* [Exercise] Reproduce word for word the lines between those holding "This handcrafted sterling" and "II Dolnośląski Marsz", inclusive, and nothing else from the data below.

* [Stored data]
================

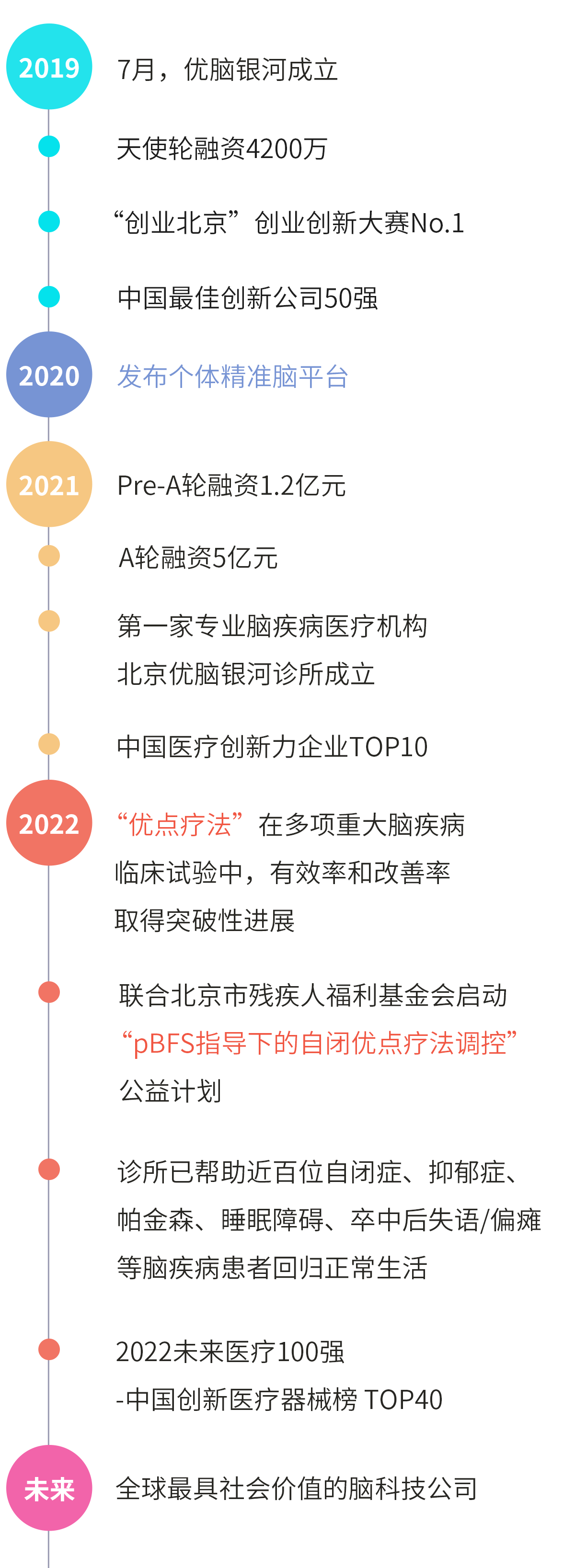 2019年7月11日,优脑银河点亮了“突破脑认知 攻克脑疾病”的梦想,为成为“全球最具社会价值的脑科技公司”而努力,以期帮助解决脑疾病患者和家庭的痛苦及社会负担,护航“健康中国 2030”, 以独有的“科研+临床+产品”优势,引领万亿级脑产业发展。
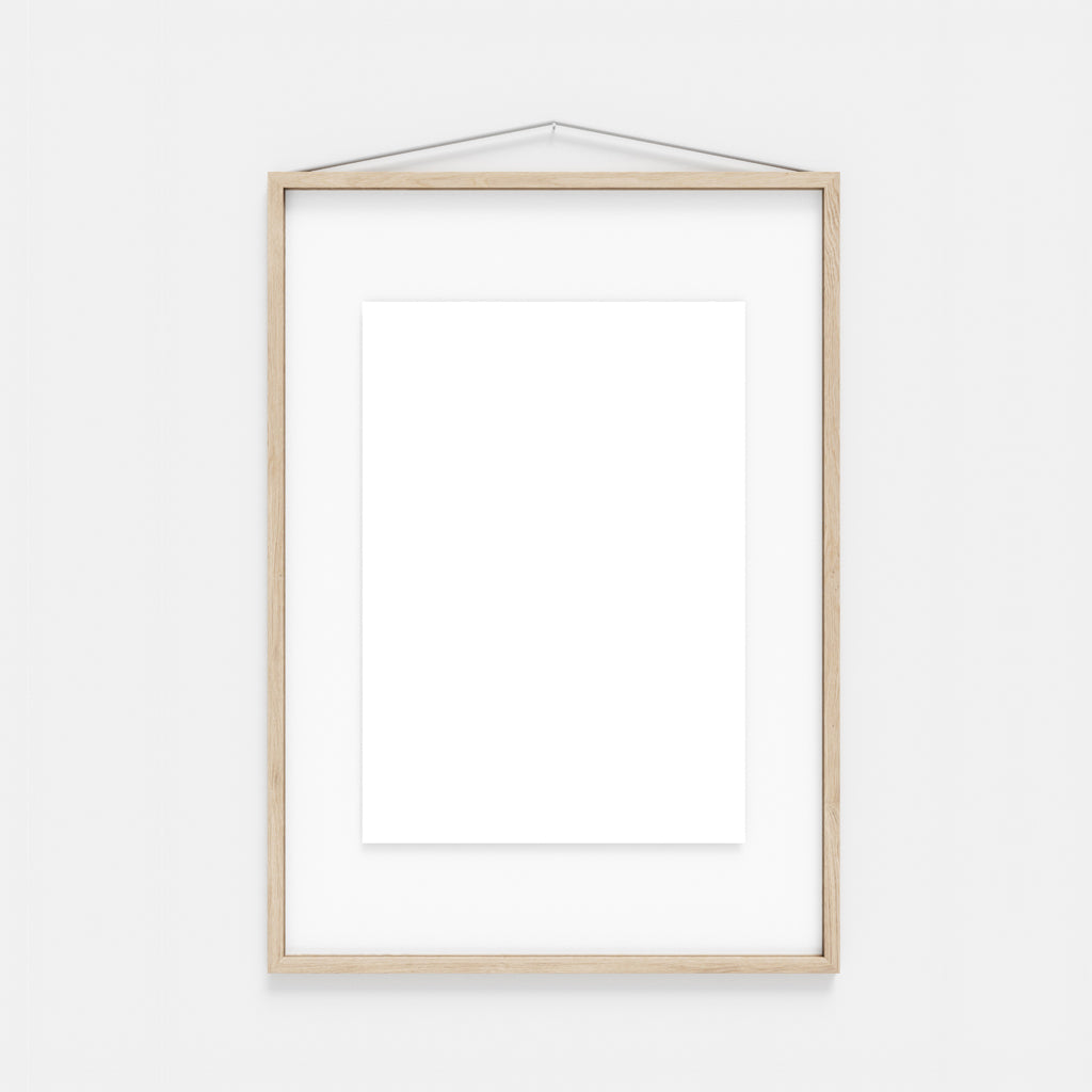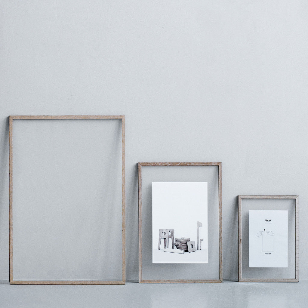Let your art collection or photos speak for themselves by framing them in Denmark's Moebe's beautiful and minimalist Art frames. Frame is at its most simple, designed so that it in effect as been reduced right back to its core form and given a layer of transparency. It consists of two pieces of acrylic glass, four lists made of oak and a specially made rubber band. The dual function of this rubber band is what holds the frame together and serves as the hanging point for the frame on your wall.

================

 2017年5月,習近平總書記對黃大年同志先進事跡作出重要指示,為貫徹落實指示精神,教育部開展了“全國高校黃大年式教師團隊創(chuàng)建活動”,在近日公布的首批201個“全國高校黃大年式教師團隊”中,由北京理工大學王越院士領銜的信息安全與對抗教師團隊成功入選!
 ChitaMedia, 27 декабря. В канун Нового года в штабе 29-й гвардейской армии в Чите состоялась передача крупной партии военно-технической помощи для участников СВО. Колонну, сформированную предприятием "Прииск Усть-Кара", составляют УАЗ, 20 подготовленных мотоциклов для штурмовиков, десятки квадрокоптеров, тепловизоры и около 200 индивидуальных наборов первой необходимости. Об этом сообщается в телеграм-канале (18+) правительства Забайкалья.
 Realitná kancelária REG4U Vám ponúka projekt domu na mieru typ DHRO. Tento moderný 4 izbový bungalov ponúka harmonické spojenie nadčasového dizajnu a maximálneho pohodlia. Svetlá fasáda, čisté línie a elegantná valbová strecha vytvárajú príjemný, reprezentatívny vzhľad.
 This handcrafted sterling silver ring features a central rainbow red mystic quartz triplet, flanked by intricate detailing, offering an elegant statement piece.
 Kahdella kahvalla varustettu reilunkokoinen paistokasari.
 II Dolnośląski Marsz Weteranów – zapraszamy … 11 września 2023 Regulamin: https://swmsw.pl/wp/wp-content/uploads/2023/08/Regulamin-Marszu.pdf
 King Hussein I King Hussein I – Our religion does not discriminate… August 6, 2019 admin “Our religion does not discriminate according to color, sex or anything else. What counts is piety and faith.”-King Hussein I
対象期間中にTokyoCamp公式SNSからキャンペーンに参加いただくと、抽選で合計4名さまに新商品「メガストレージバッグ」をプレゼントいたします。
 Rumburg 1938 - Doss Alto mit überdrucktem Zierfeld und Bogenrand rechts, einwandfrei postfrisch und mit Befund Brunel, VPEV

================

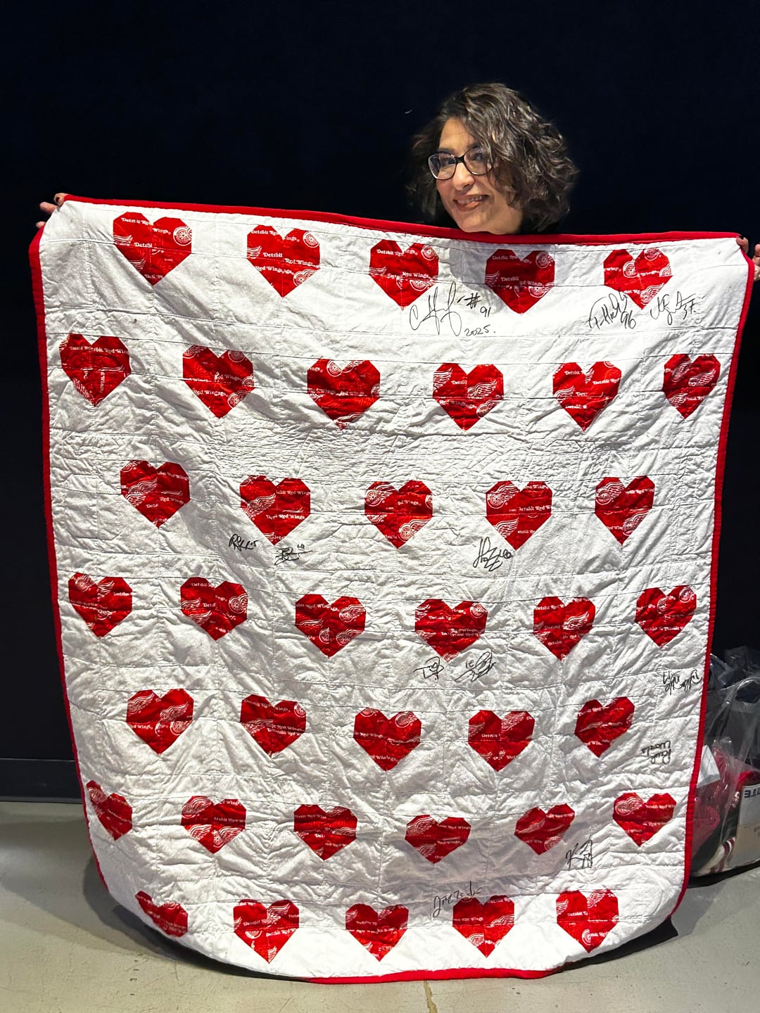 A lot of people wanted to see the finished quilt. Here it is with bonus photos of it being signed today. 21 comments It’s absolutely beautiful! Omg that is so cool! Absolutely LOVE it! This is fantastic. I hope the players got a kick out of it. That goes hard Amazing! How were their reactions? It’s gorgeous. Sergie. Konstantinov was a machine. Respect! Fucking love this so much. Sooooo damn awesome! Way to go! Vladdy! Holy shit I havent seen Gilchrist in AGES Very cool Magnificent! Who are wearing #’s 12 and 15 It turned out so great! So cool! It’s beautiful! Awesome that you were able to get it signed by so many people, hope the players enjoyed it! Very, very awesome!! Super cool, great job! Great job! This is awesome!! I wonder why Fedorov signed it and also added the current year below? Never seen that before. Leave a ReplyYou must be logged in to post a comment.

================

* [Solution]
 This handcrafted sterling silver ring features a central rainbow red mystic quartz triplet, flanked by intricate detailing, offering an elegant statement piece.
 Kahdella kahvalla varustettu reilunkokoinen paistokasari.
 II Dolnośląski Marsz Weteranów – zapraszamy … 11 września 2023 Regulamin: https://swmsw.pl/wp/wp-content/uploads/2023/08/Regulamin-Marszu.pdf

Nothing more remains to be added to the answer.